WHAT TO WORK ON: Using the data below, output a verbatim copy of the lines between the one holding "Gestreifte Bademütze mit" and the one holding "- Nutrición Muscular: El", inclusive, without any pictures.

*** Opening RECORD SET ***

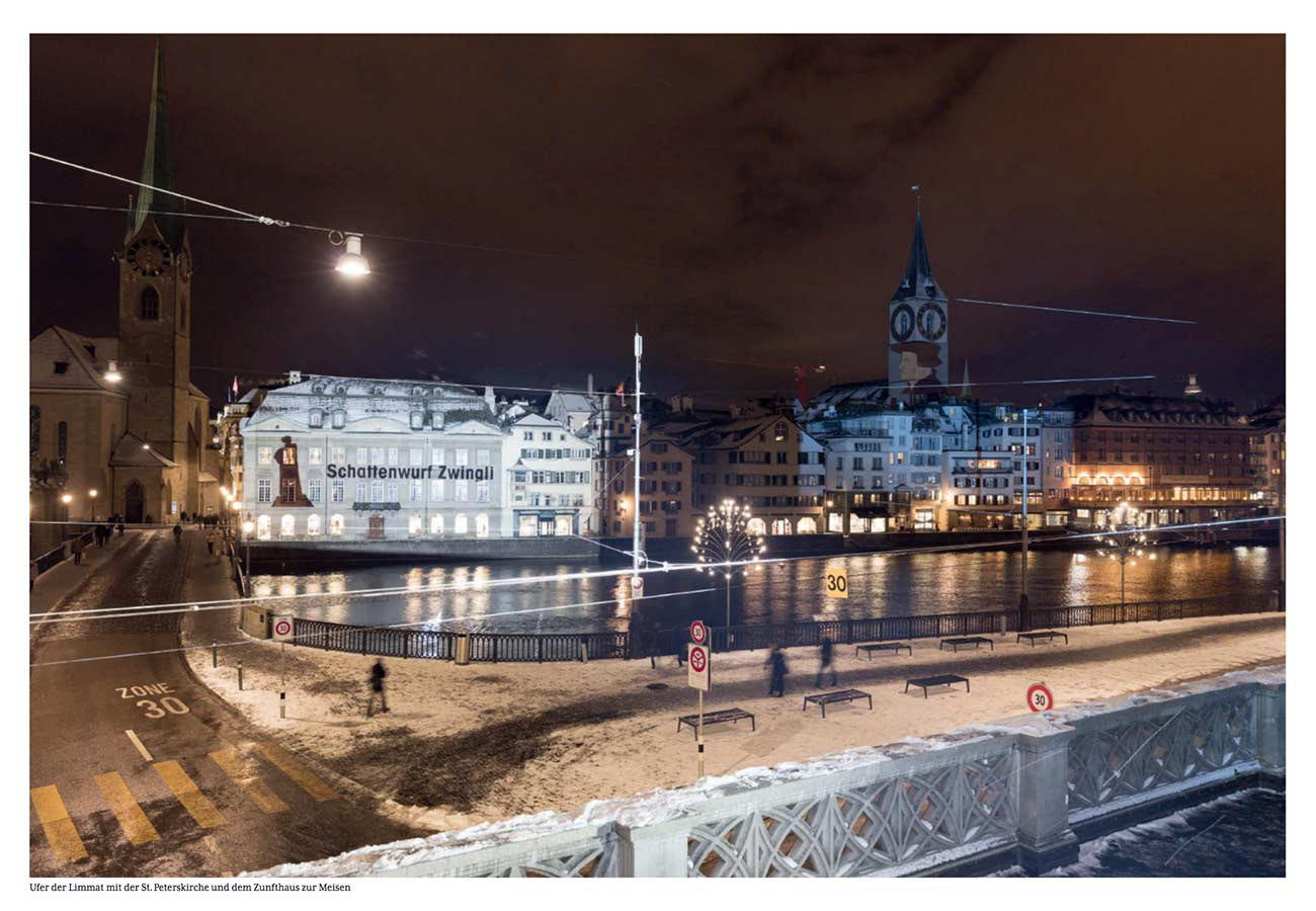 «Schattenwurf Zwingli» ist Kunst, Botschaft und Vision. Mit Lichtinstallationen gelang es im Reformationsjahr 2017, aussergewöhnliche Lichtspuren auf der biografischen Achse des Reformators Ulrich Zwingli in den öffentlichen Raum zu zeichnen. Monatliche Botschaften zu ausgewählten Themen wurden kontrovers und vor einem breiten Publikum debattiert genauso wie vor 500 Jahren im Chor des Grossmünsters bei der Übertragung der Bibel ins Deutsche. Mit der Projektion der Botschaften Zwinglis wurde die Vision einer gesellschaftsverändernden Wirkung von Kirche und Glaube weitherum hör- und sichtbar. Zurück bleibt dieses reich bebilderte Buch. Es lädt ein, über die Parallelen der gesellschaftlichen Veränderungen von damals und heute nachzudenken und darüber, was seit 500 Jahren bis heute Halt und Orientierung bietet.
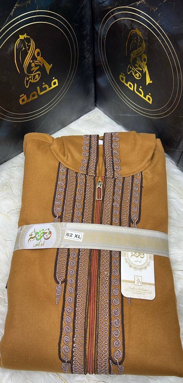 الخامة: جوخ مغربي أصيل (ثقيل وناعم) لضمان أفضل تدفئة.
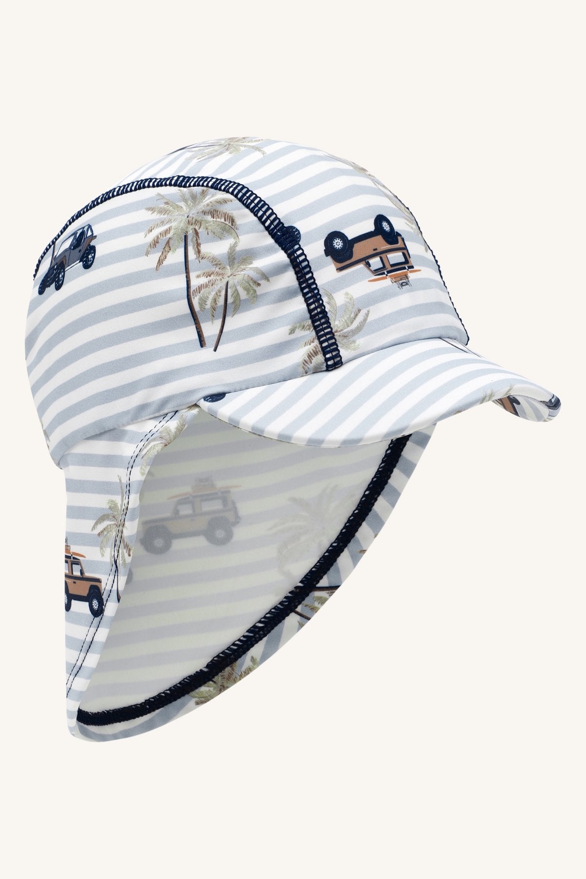 Gestreifte Bademütze mit Autos und Palmen bedruckt. Verfügt über einen Schirm und Nackenschutz. Die Mütze hat einen UV50+/UPF50-Filter. Dieses Produkt besteht zu 83 % aus recyceltem Polyester. Von der Marke Hust and Claire.
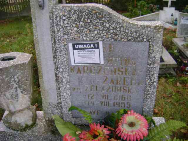 Grób: I.5.20 Karczewska Zaręba Florentyna ur.:12.07.1868 zm.:14.08.1955 |
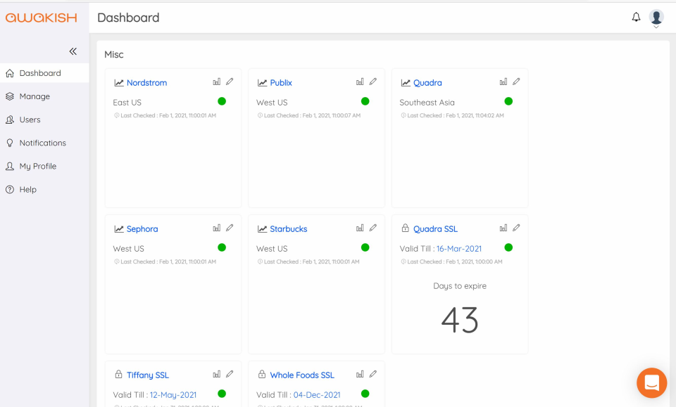 Awakish is a website monitoring tool that helps businesses instantly detect downtime, monitor SSL certificates, generate performance reports, and more. Suitable for both customers and vendors like MSPs and SIs. The best monitoring solution is the one that gets deployed and used! Skilled IT experts are not required, but if you are a skilled tech professional, you’ll appreciate the time-saving simplicity of our 2-minute installation or our free batch upload service for large pools of HTTP endpoints and servers. We provide a secure and easy to monitor solution for all the assets that you watch over - regardless of location, cloud, or technology. Anything you can ping, we can monitor. Awakish can also allow your customers to see how well you are servicing them. With constant uptime status, shared summary reports and status badges that you can embed anywhere, you can stay top of mind with your clients.
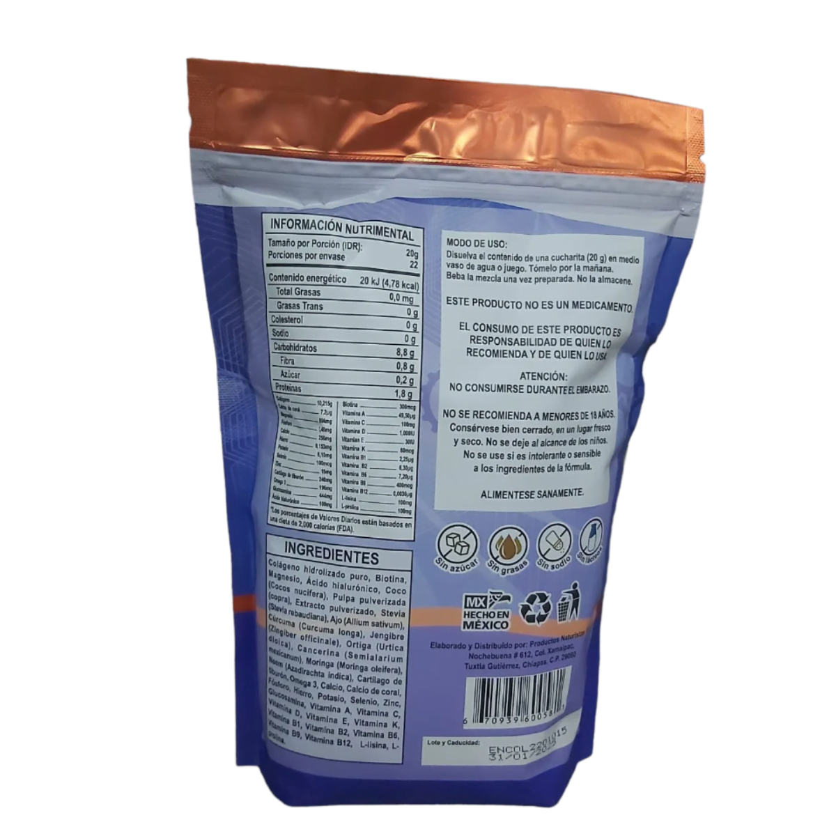 - Nutrición Muscular: El colágeno hidrolizado y el magnesio ayudan a mantener y reparar los tejidos musculares, favoreciendo un cuerpo más fuerte y resistente.
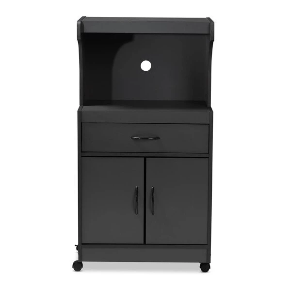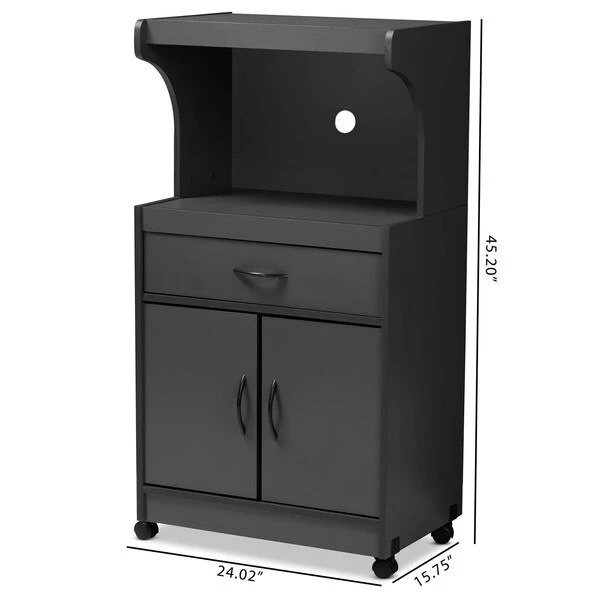 Practicality and minimalist style come together with the Tannis kitchen cabinet. The modern and contemporary-inspired design is clear to see in the rectangular silhouette and subtle grooved features. The Tannis's engineered wood frame is finished in a sophisticated dark grey finish. The cabinet features two shelf spaces behind discreet doors, and a drawer on top of them for additional storage. The Tannis's top compartment has ample space for a microwave, with a cut-out in the back panel for wire management. The drawer and door handles are finished in black to complete the sleek look. The Tannis comes with castors for mobility, so this cabinet can provide storage for utensils and dishware, and can be moved easily for cleaning. The kitchen cabinet requires assembly.
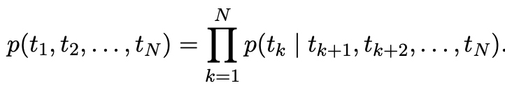 반대로 backward LM은 Token Sequence의 확률을 계산할 때, token \(t_k\)의 확률을 k 시점 이후의 token들 \((t_{k+1},...,t_N)\)을 활용하여 모델링합니다.
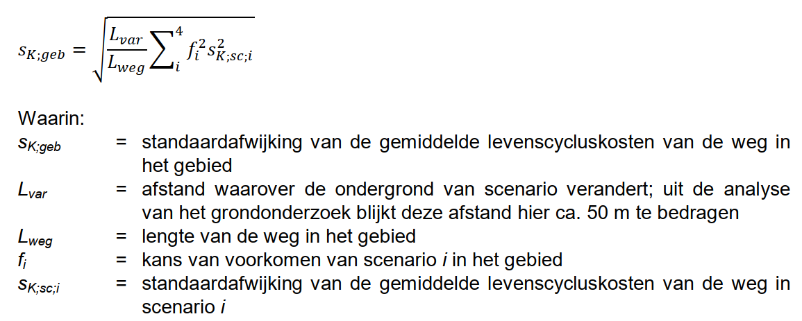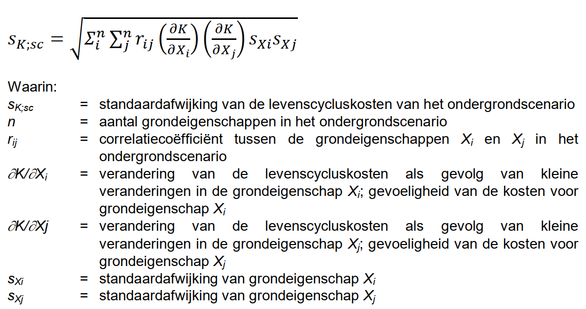 2. Bepaal voor elk ondergrondscenario de gemiddelde levenscycluskosten van de weg en de bandbreedte in de levenscycluskosten. De gemiddelde levenscycluskosten zijn de kosten die worden berekend op grond van de gemiddelde waarden van de grondeigenschappen in het ondergrondscenario. De bandbreedte is direct afhankelijk van de standaardafwijking van de levenscycluskosten. Deze standaardafwijking kan worden bepaald door middel van de gelineariseerde first order second moment (FOSM) methode:

*** Closing RECORD SET ***

OUTPUT BELOW:
 Gestreifte Bademütze mit Autos und Palmen bedruckt. Verfügt über einen Schirm und Nackenschutz. Die Mütze hat einen UV50+/UPF50-Filter. Dieses Produkt besteht zu 83 % aus recyceltem Polyester. Von der Marke Hust and Claire.
 Grób: I.5.20 Karczewska Zaręba Florentyna ur.:12.07.1868 zm.:14.08.1955 |
 Awakish is a website monitoring tool that helps businesses instantly detect downtime, monitor SSL certificates, generate performance reports, and more. Suitable for both customers and vendors like MSPs and SIs. The best monitoring solution is the one that gets deployed and used! Skilled IT experts are not required, but if you are a skilled tech professional, you’ll appreciate the time-saving simplicity of our 2-minute installation or our free batch upload service for large pools of HTTP endpoints and servers. We provide a secure and easy to monitor solution for all the assets that you watch over - regardless of location, cloud, or technology. Anything you can ping, we can monitor. Awakish can also allow your customers to see how well you are servicing them. With constant uptime status, shared summary reports and status badges that you can embed anywhere, you can stay top of mind with your clients.
 - Nutrición Muscular: El colágeno hidrolizado y el magnesio ayudan a mantener y reparar los tejidos musculares, favoreciendo un cuerpo más fuerte y resistente.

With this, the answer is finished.